8-A12B/A 1 d264311d8a12ba.htm FORM 8-A, AMENDMENT NO. 1 Form 8-A, Amendment No. 1

 

 

UNITED STATES

SECURITIES AND EXCHANGE COMMISSION

Washington, D.C. 20549

FORM 8-A/A

Amendment No. 1

FOR REGISTRATION OF CERTAIN CLASSES OF SECURITIES

PURSUANT TO SECTION 12(b) OR 12(g) OF THE

SECURITIES EXCHANGE ACT OF 1934

IRIS International, Inc.

 

(Exact name of registrant as specified in its charter)

 

Delaware

 

94-2579751

(State or other jurisdiction

of incorporation)

 

(IRS Employer

Identification No.)

9158 Eton Avenue, Chatsworth, CA 91311

(Address of principal executive offices, Zip Code)

(818) 709-1244

Registrant’s telephone number, including area code 

Securities to be registered pursuant to Section 12(b) of the Act:

 

Title of each class to be so registered

 

Name of each exchange on which each class is to be registered

Preferred Stock Purchase Rights   The Nasdaq Global Market

If this form relates to the registration of a class of securities pursuant to Section 12(b) of the Exchange Act and is effective pursuant to General Instruction A.(c), check the following box.x

If this form relates to the registration of a class of securities pursuant to Section 12(g) of the Exchange Act and is effective pursuant to General Instruction A.(d), check the following box.¨

Securities Act registration statement file number to which this form relates: Not applicable.

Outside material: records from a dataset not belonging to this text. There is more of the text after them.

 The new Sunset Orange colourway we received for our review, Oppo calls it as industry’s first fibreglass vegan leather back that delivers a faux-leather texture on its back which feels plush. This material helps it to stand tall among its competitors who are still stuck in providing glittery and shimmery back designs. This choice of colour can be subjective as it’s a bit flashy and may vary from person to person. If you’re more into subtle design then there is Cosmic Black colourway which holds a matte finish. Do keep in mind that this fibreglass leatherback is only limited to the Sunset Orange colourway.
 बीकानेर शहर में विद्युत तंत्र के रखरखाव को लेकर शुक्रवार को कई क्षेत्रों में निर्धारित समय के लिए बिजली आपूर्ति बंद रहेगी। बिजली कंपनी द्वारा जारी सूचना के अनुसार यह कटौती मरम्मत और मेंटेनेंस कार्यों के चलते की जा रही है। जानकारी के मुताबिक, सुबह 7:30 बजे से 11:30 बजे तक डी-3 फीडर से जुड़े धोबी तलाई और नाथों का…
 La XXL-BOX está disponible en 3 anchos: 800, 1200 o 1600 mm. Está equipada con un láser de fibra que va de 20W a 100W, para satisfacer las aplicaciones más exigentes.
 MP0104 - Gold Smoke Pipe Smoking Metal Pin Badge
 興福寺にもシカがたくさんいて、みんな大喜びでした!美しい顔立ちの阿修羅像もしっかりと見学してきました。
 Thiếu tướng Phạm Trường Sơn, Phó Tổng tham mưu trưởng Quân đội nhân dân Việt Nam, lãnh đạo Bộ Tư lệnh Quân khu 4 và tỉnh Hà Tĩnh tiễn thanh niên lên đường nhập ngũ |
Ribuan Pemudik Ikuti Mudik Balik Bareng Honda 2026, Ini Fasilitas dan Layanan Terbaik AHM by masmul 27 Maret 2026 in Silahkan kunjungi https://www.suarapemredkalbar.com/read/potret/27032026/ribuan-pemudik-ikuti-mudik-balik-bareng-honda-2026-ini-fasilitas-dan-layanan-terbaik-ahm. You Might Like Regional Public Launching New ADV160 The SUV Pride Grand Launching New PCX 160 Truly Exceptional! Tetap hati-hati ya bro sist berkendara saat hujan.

Securities to be registered pursuant to Section 12(g) of the Act: None

 

 

 


IRIS International, Inc. (the “Registrant”) hereby amends its registration statement on Form 8-A filed with the Securities and Exchange Commission (the “SEC”) on September 29, 2010 as follows:

Item 1. Description of Registrant’s Securities to be Registered

On November 30, 2011, IRIS International, Inc. (the “Company”) and Continental Stock Transfer & Trust Company (the “Rights Agent”) entered into an Amendment and Termination of Rights Agreement (the “Amendment”) with respect to the Rights Agreement dated as of September 24, 2010 by and between the Company and the Rights Agent (the “Rights Agreement”).

The Amendment changes the definition of “Final Expiration Date” in the Rights Agreement from September 24, 2020 to November 30, 2011, such that, as of 5:00 p.m. Pacific time on November 30, 2011, the rights to purchase Series A Preferred Stock issued pursuant to the Rights Agreement (the “Rights”) expired and are no longer outstanding and the Rights Agreement terminated. The foregoing summary of the Amendment is qualified in its entirety by reference to the full text of the Amendment, which is set forth as Exhibit 4.4 to this Current Report on Form 8-K and incorporated herein by reference.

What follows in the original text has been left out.